Supplied data:
○ ○ ○ ○ ○ ○ ○

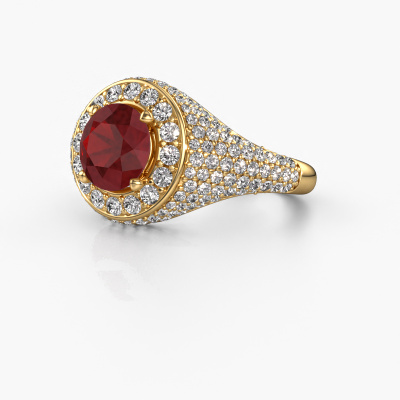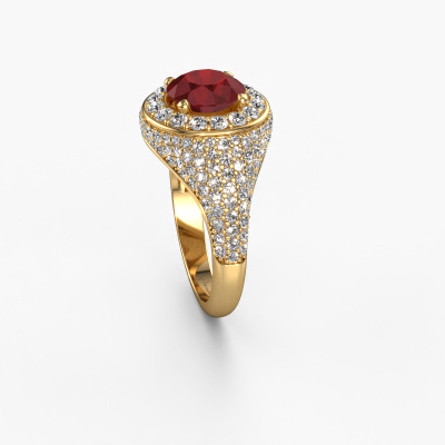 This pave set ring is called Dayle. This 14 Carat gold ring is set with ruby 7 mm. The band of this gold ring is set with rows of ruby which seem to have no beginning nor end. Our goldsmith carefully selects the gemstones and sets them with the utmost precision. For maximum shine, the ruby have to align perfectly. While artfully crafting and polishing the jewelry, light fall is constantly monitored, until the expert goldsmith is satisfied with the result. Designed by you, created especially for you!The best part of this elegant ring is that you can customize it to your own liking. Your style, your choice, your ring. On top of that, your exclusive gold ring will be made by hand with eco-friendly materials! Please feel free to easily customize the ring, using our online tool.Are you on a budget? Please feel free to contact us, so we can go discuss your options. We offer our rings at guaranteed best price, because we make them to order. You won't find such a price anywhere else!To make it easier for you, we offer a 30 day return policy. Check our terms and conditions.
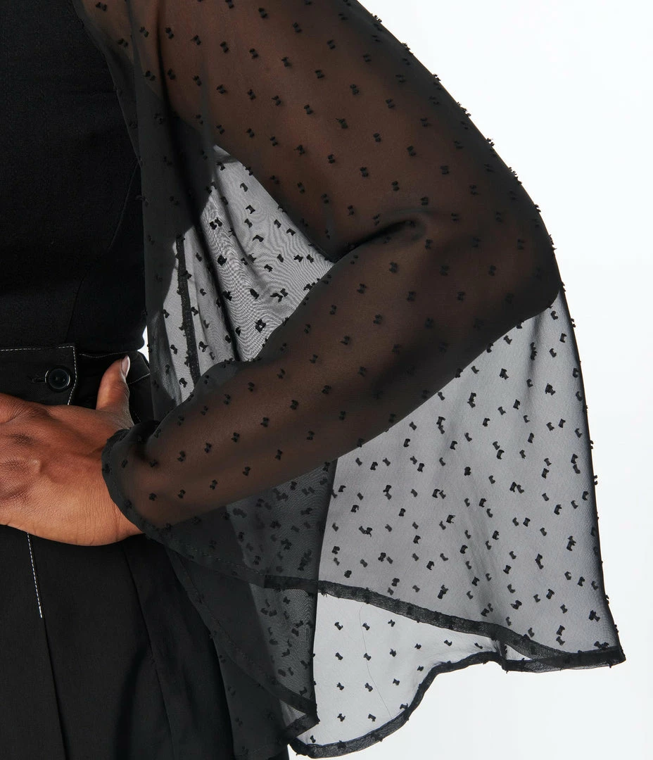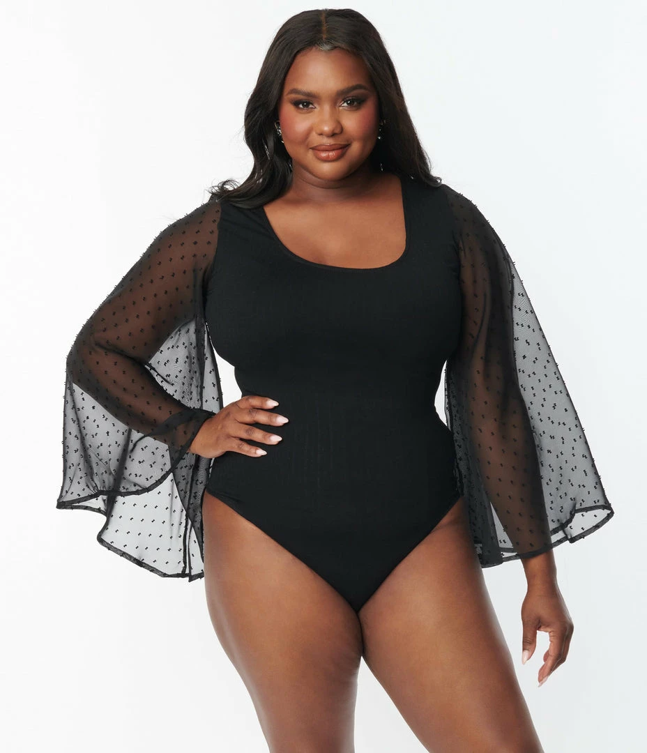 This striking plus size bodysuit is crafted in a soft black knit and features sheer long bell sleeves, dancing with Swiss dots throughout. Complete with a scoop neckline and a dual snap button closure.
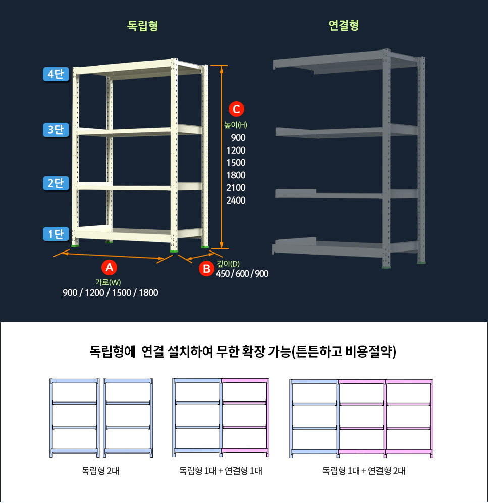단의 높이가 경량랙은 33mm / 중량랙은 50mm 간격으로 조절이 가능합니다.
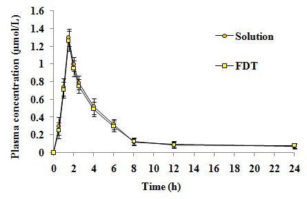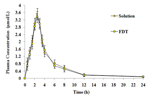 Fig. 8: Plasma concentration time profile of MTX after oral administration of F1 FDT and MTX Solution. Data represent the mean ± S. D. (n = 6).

○ ○ ○ ○ ○ ○ ○

No image belongs in the copy. Transcribe the full listing verbatim.

Solution to this exercise:
 This pave set ring is called Dayle. This 14 Carat gold ring is set with ruby 7 mm. The band of this gold ring is set with rows of ruby which seem to have no beginning nor end. Our goldsmith carefully selects the gemstones and sets them with the utmost precision. For maximum shine, the ruby have to align perfectly. While artfully crafting and polishing the jewelry, light fall is constantly monitored, until the expert goldsmith is satisfied with the result. Designed by you, created especially for you!The best part of this elegant ring is that you can customize it to your own liking. Your style, your choice, your ring. On top of that, your exclusive gold ring will be made by hand with eco-friendly materials! Please feel free to easily customize the ring, using our online tool.Are you on a budget? Please feel free to contact us, so we can go discuss your options. We offer our rings at guaranteed best price, because we make them to order. You won't find such a price anywhere else!To make it easier for you, we offer a 30 day return policy. Check our terms and conditions.
 This striking plus size bodysuit is crafted in a soft black knit and features sheer long bell sleeves, dancing with Swiss dots throughout. Complete with a scoop neckline and a dual snap button closure.
단의 높이가 경량랙은 33mm / 중량랙은 50mm 간격으로 조절이 가능합니다.
 Fig. 8: Plasma concentration time profile of MTX after oral administration of F1 FDT and MTX Solution. Data represent the mean ± S. D. (n = 6).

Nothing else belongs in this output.